- INPUT DATA
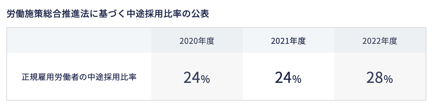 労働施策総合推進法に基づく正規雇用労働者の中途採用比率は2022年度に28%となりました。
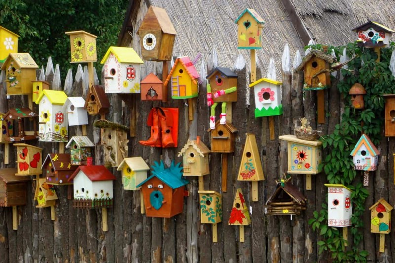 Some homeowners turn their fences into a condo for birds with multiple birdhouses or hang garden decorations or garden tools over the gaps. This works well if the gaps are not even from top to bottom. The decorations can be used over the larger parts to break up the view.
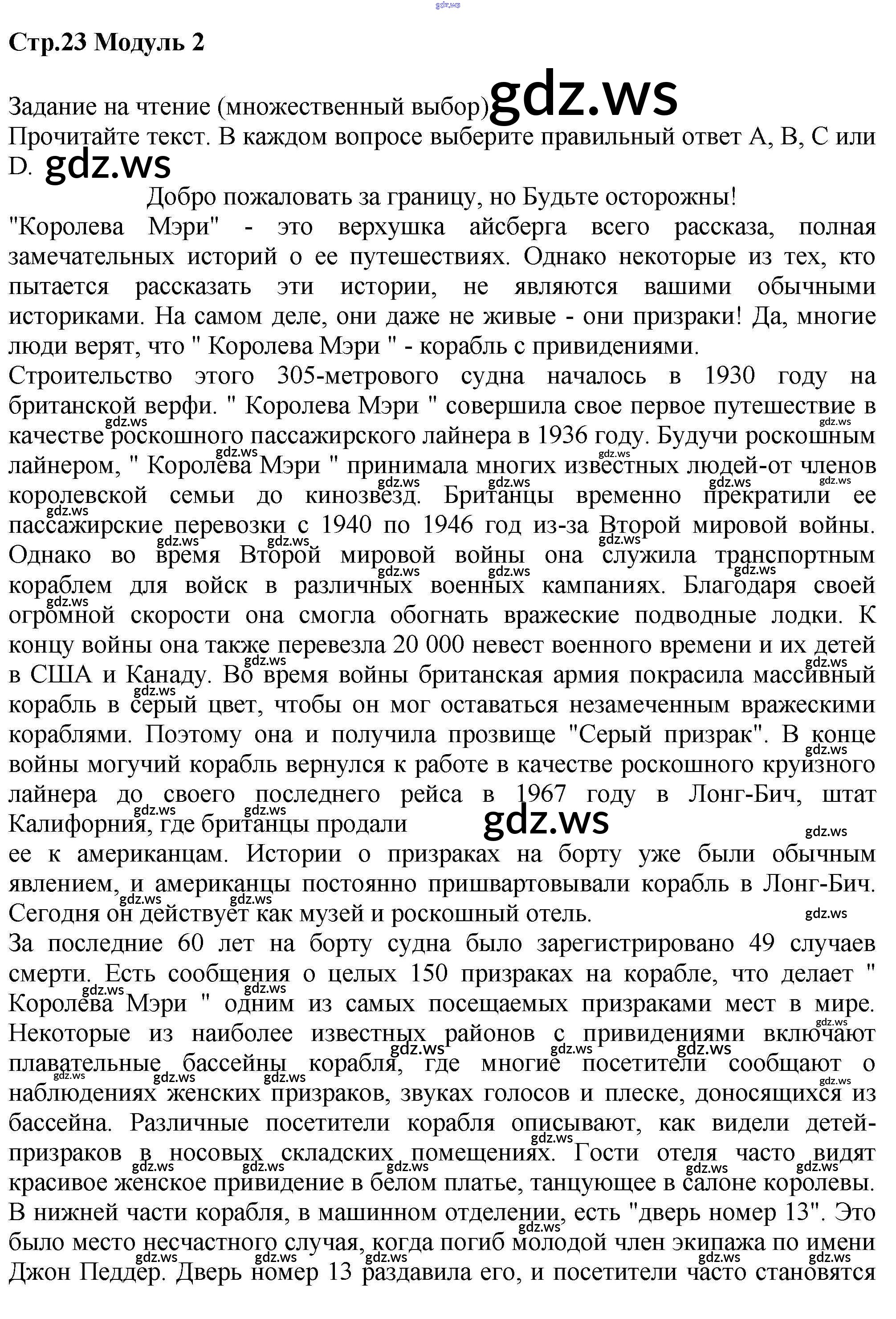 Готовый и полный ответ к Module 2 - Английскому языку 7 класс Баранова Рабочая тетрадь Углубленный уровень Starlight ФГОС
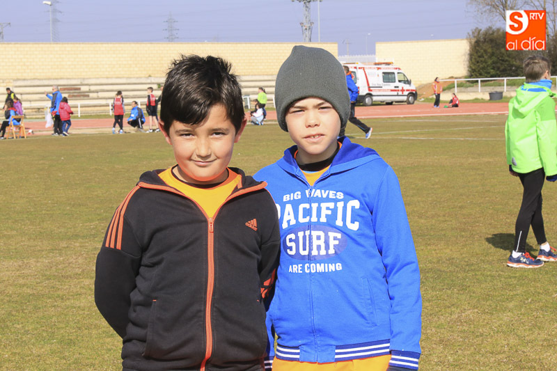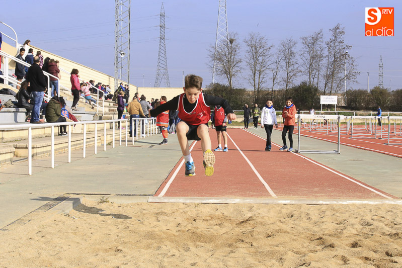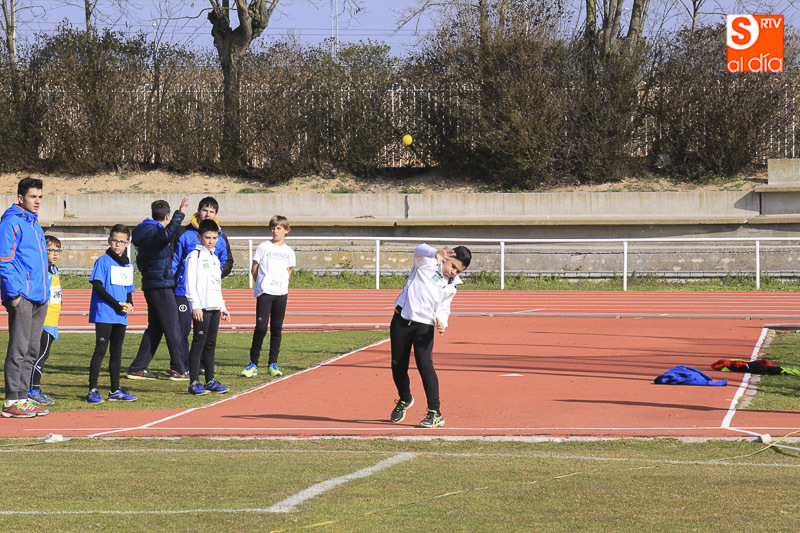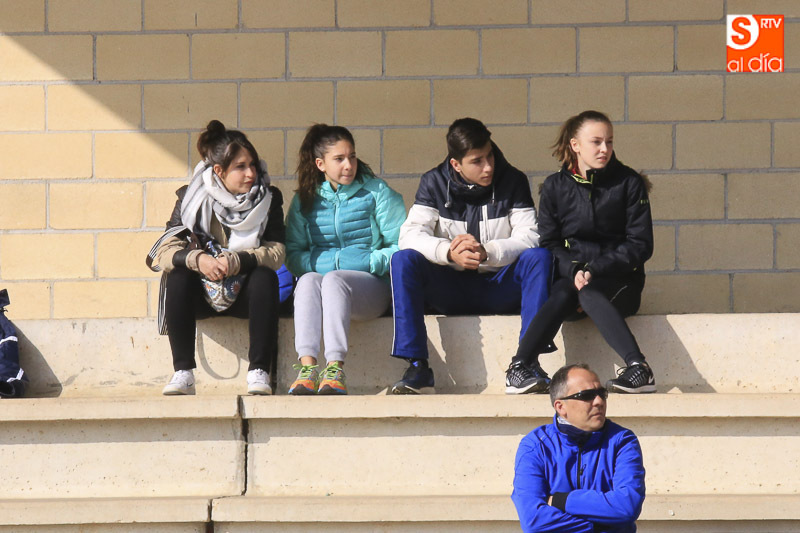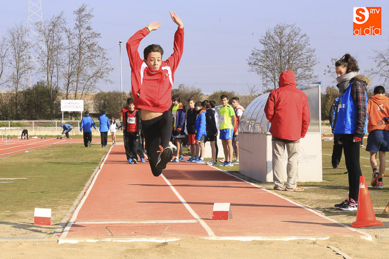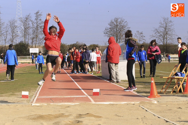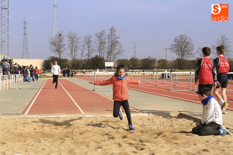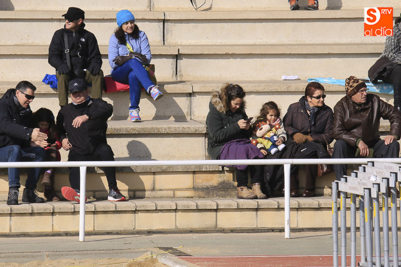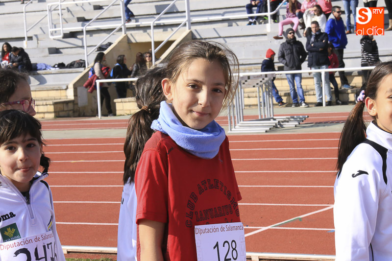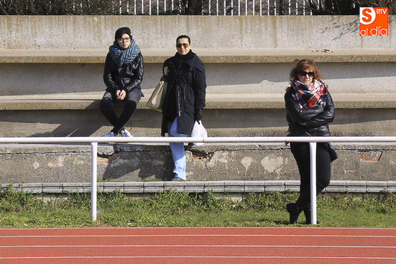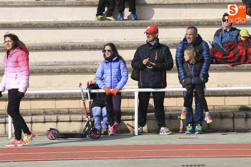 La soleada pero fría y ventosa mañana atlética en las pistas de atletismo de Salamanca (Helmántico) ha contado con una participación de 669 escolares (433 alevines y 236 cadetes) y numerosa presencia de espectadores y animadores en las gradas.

- EXERCISE INSTRUCTIONS
The result should be the same data as above, line for line, with the pictures gone.

- TASK SOLUTION
 労働施策総合推進法に基づく正規雇用労働者の中途採用比率は2022年度に28%となりました。
 Some homeowners turn their fences into a condo for birds with multiple birdhouses or hang garden decorations or garden tools over the gaps. This works well if the gaps are not even from top to bottom. The decorations can be used over the larger parts to break up the view.
 Готовый и полный ответ к Module 2 - Английскому языку 7 класс Баранова Рабочая тетрадь Углубленный уровень Starlight ФГОС
 La soleada pero fría y ventosa mañana atlética en las pistas de atletismo de Salamanca (Helmántico) ha contado con una participación de 669 escolares (433 alevines y 236 cadetes) y numerosa presencia de espectadores y animadores en las gradas.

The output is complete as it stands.